Auto-Test: Learning Semantic-Domain Constraints for Unsupervised Error Detection in Tables
- Qixu Chun ,
- Yeye He (yeyehe) ,
- Weiwei Cui ,
- Song Ge ,
- Haidong Zhang ,
- Dongmei Zhang ,
- Surajit Chaudhuri
SIGMOD 2025 |
Data cleaning is a long-standing challenge in data management. While powerful logic and statistical algorithms have been developed to detect and repair data errors in tables, existing algorithms predominantly rely on domain-experts to first manually specify data-quality constraints specific to a given table, before data cleaning algorithms can be applied.

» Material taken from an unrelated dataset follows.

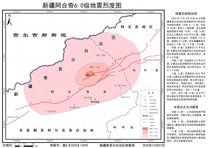 2025年12月4日15时44分,阿合奇县发生6.0级地震。地震发生后,按照自治区抗震救灾指挥部和中国地震局工作部署,新疆地震局派出现场工作队,依照《地震现场工作:调查规范》(GB/T 18208.3-2011)、《中国地震烈度表》(GB/T 17742-2020)、《地震烈度图制图规范》(GB/T 38226-2019)等标准规范要求,对灾区82个调查点开展了实地震害调查,并充分参考震区地震观测资料、余震分布、震源机制、无人机影像等成果,确定了此次地震的烈度分布,完成了《阿合奇县6.0级地震烈度图》编制工作,现正式向社会发布。

In this work, we propose a new class of data-quality constraints that we call Semantic-Domain Constraints, which can be reliably inferred and automatically applied to any tables, without requiring domain-experts to manually specify on a per-table basis.
We develop a principled framework to systematically learn such constraints from table corpora using large-scale statistical tests, which can further be distilled into a core set of constraints using our optimization framework, with provable quality guarantees. Extensive evaluations show that this new class of constraints can be used to both (1) directly detect errors on real tables in the wild, and (2) augment existing expert-driven data-cleaning techniques as a new class of complementary constraints.
Our extensively labeled benchmark dataset with 2400 real data columns, as well as our code are available at here (opens in new tab) to facilitate future research.